Fold IO a b is a representation of a function that converts a stream of type a to a final accumulator of type b in IO Monad.

Modular Word Counting

The Fold data type in streamly represents a consumer of stream. In this example, we will use individual folds to count bytes, words and lines in a file. We will see how these individual folds can be composed together to do all the three at once with the same performance.

See WordCountModular.hs for full working code including imports that we may have omitted here. Note, the Internal modules imported here are pre-release modules that have been tested and are ready for use except for some minor signature changes planned before we release them.

Count bytes (wc -c)

Count bytes in a file.

import qualified Streamly.Data.Fold as Fold
import qualified Streamly.Internal.FileSystem.File as File
import qualified Streamly.Prelude as Stream

wcb :: String -> IO Int
wcb file =
    File.toBytes file        -- SerialT IO Word8
  & Stream.fold Fold.length  -- IO Int

Count lines (wc -l)

Count lines in a file.

-- ASCII character 10 is newline
countl :: Int -> Word8 -> Int
countl n ch = if ch == 10 then n + 1 else n

-- The fold accepts a stream of `Word8` and returns a line count (`Int`).
nlines :: Monad m => Fold m Word8 Int
nlines = Fold.foldl' countl 0

wcl :: String -> IO Int
wcl file =
    File.toBytes file  -- SerialT IO Word8
  & Stream.fold nlines -- IO Int

Count words (wc -w)

Count words in a file.

countw :: (Int, Bool) -> Word8 -> (Int, Bool)
countw (n, wasSpace) ch =
    if isSpace $ chr $ fromIntegral ch
    then (n, True)
    else (if wasSpace then n + 1 else n, False)
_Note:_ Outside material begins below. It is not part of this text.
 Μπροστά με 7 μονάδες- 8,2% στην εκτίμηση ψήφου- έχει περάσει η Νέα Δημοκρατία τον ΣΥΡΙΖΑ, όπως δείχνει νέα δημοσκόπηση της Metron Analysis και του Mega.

-- The fold accepts a stream of `Word8` and returns a word count (`Int`)
nwords :: Monad m => Fold m Word8 Int
nwords = fst <$> Fold.foldl' countw (0, True)

wcw :: String -> IO Int
wcw file =
    File.toBytes file   -- SerialT IO Word8
  & Stream.fold nwords  -- IO Int

Count bytes, words and lines

We can compose the three folds together into a single fold using Tee to do all the three things at once. The applicative instance of Tee distributes the input to all the folds and combines the outputs using the supplied function.
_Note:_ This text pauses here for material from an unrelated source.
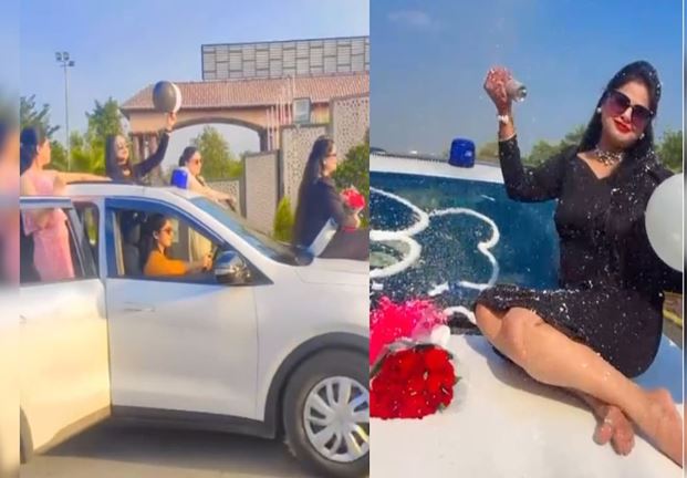 बिलासपुर (छ.ग.) — बलरामपुर जिले के डीएसपी तस्लीम आरिफ की पत्नी द्वारा सरकारी गाड़ी पर जन्मदिन मनाने का मामला तूल पकड़ता जा रहा है। वायरल वीडियो में नीली बत्ती लगी सरकारी एक्सयूवी-700 पर डीएसपी की पत्नी बोनट पर बैठकर केक काटती नजर आ रही हैं, जबकि अन्य महिलाएं चलती गाड़ी के दरवाजों और सनरूफ से बाहर लटकती दिखीं।

import qualified Streamly.Internal.Data.Fold.Tee as Tee

-- The fold accepts a stream of `Word8` and returns the three counts
countAll :: Fold IO Word8 (Int, Int, Int)
countAll = Tee.toFold $ (,,) <$> Tee Fold.length <*> Tee nlines <*> Tee nwords

wc :: String -> IO (Int, Int, Int)
wc file =
    File.toBytes file    -- SerialT IO Word8
  & Stream.fold countAll -- IO (Int, Int, Int)

Observations

This example shows:

Excellent modularity
Simple and concise API and types
No bytestrings required, just streams of Word8

Performance

We compare two equivalent implementations, one using Haskell Streamly and the other using C. The Haskell Streamly word counting implementation:

$ time WordCount-hs gutenberg-500MB.txt
11242220 97050938 574714449 gutenberg-500MB.txt

real    0m1.825s
user    0m1.697s
sys     0m0.128s

Equivalent BSD wc implementation in C:

$ time WordCount-c gutenberg-500MB.txt
11242220 97050938 574714449 gutenberg-500MB.txt

real    0m2.100s
user    0m1.935s
sys     0m0.165s

Concurrent Word Counting

To do word counting in parallel we divide the stream in chunks (arrays), count properties in each chunk and then add all the counts. We use the same code as above except that we use an array input instead of using a file input.

See WordCountParallel.hs. for full working code including the imports that we may have omitted below.

Get the line, word, char counts in one chunk.

import qualified Streamly.Data.Array.Foreign as Array

countArray :: Array Word8 -> IO Counts
countArray arr =
      Stream.unfold Array.read arr            -- SerialT IO Word8
    & Stream.decodeLatin1                     -- SerialT IO Char
    & Stream.foldl' count (Counts 0 0 0 True) -- IO Counts

When combining the counts in two contiguous chunks, we would also need to know whether the first element of the next chunk was a space char or non-space to know whether the same word is continuing to the next chunk or if it is a new word. So add that too, giving (firstCharWasSpace, Counts).

partialCounts :: Array Word8 -> IO (Bool, Counts)
partialCounts arr = do
    let r = Array.getIndex arr 0
    case r of
        Just x -> do
            counts <- countArray arr
            return (isSpace (chr (fromIntegral x)), counts)
        Nothing -> return (False, Counts 0 0 0 True)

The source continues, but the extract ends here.